Starting at the line that contains "FERRARI DI ALMO", print each line exactly through the end of the listing. Skip any pictures and add nothing.

Supplied material =

* * * * *

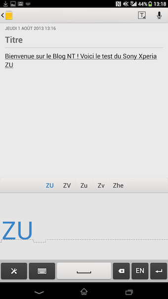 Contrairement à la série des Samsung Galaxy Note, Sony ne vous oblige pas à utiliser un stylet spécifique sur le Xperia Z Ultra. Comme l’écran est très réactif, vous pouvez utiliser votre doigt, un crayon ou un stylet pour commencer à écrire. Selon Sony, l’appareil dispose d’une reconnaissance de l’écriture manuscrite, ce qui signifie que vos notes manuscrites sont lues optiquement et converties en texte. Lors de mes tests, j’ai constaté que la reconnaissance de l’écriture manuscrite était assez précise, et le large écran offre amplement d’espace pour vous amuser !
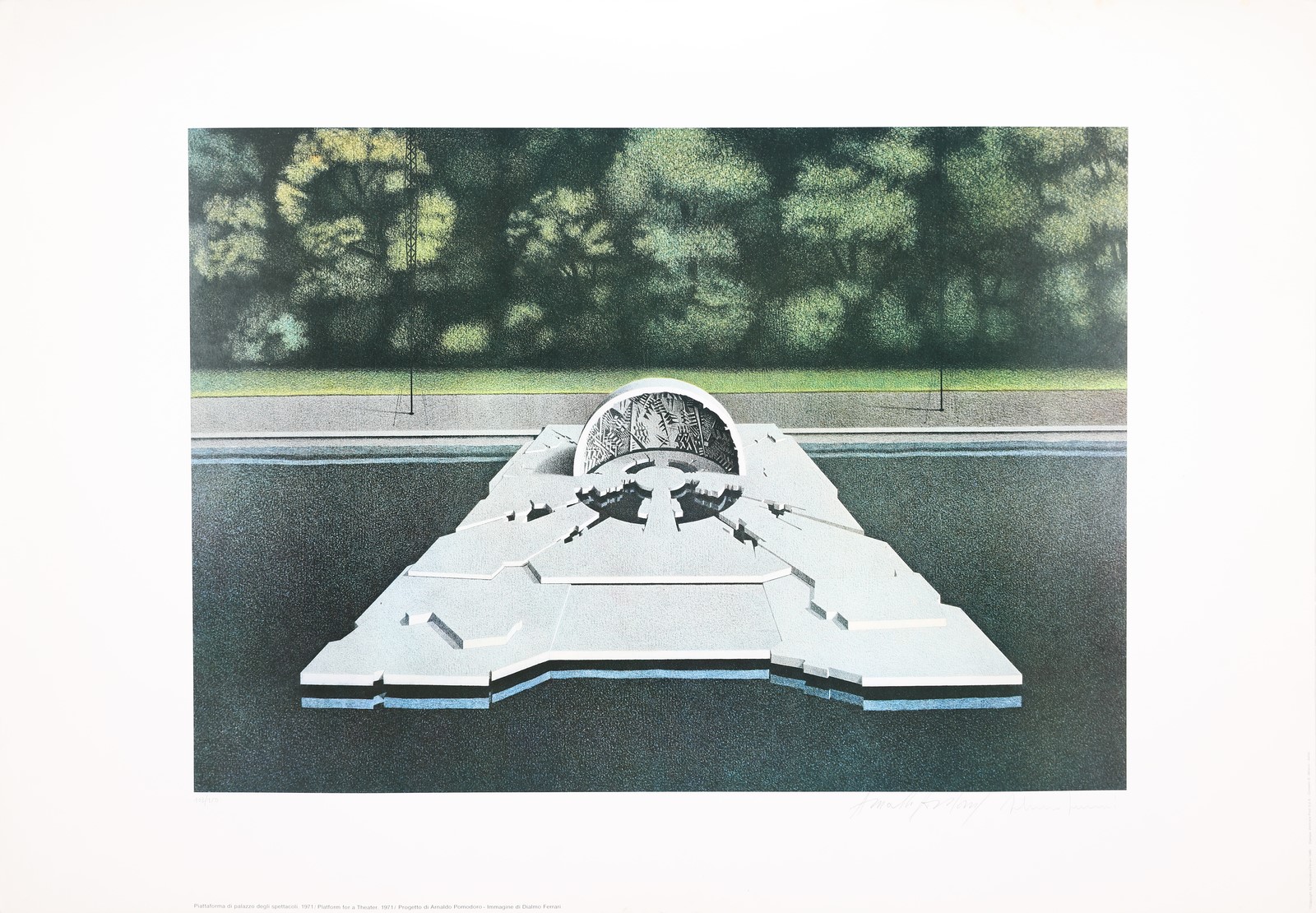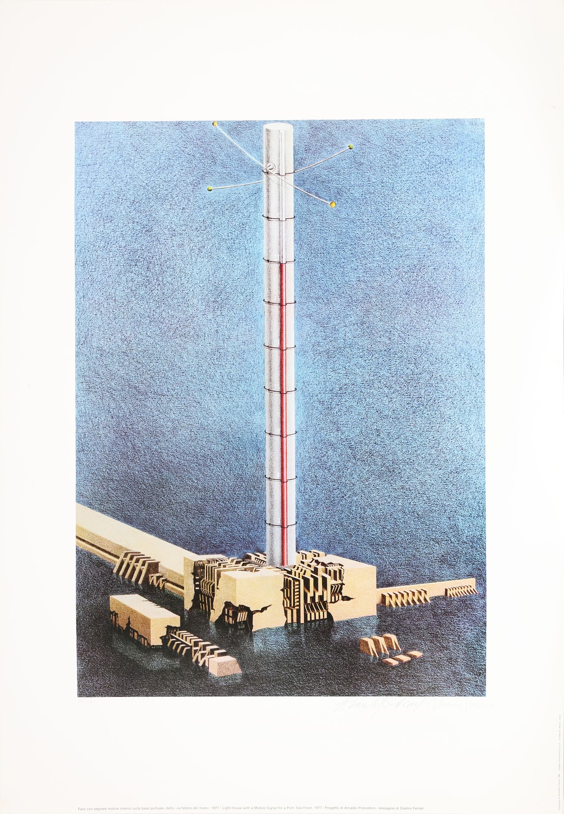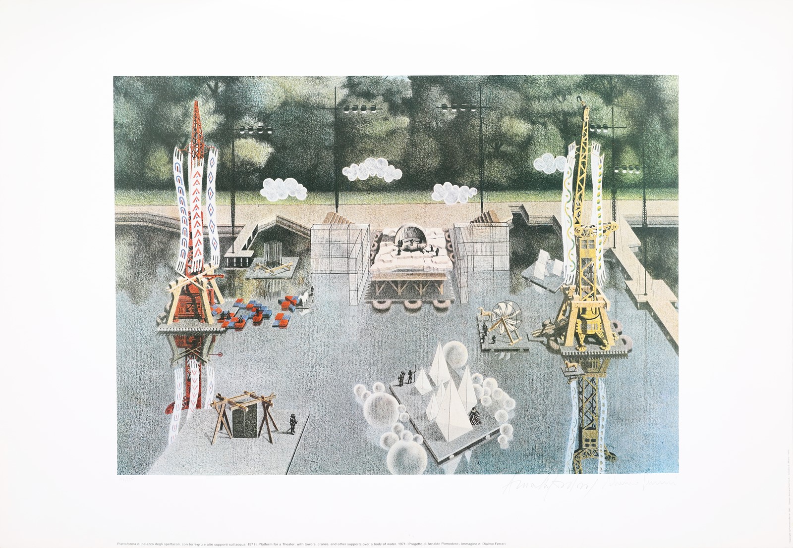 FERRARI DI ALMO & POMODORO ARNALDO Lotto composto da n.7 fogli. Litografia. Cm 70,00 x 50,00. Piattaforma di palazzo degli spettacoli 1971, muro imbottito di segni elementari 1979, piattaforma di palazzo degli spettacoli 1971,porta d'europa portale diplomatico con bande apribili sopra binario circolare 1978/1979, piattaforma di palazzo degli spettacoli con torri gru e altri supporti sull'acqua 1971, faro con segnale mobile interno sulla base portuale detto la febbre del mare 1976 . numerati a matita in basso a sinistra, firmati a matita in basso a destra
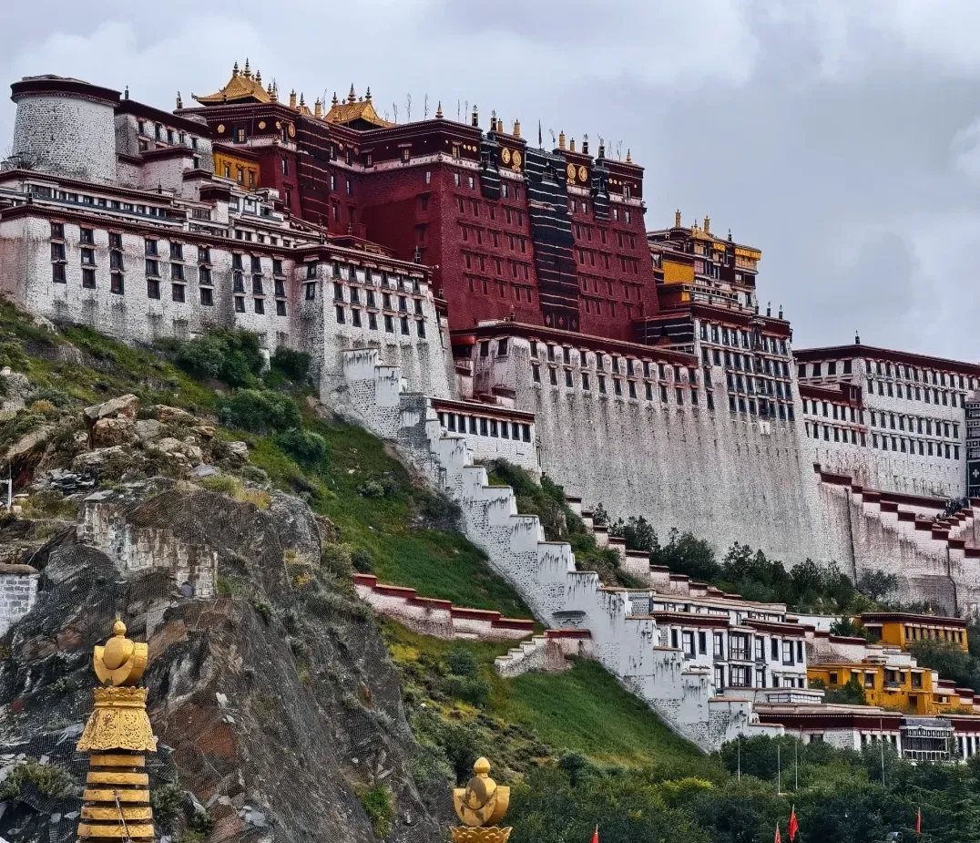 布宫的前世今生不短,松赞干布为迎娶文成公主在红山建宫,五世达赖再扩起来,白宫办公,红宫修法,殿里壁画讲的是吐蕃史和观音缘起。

* * * * *

Response box =
 FERRARI DI ALMO & POMODORO ARNALDO Lotto composto da n.7 fogli. Litografia. Cm 70,00 x 50,00. Piattaforma di palazzo degli spettacoli 1971, muro imbottito di segni elementari 1979, piattaforma di palazzo degli spettacoli 1971,porta d'europa portale diplomatico con bande apribili sopra binario circolare 1978/1979, piattaforma di palazzo degli spettacoli con torri gru e altri supporti sull'acqua 1971, faro con segnale mobile interno sulla base portuale detto la febbre del mare 1976 . numerati a matita in basso a sinistra, firmati a matita in basso a destra
 布宫的前世今生不短,松赞干布为迎娶文成公主在红山建宫,五世达赖再扩起来,白宫办公,红宫修法,殿里壁画讲的是吐蕃史和观音缘起。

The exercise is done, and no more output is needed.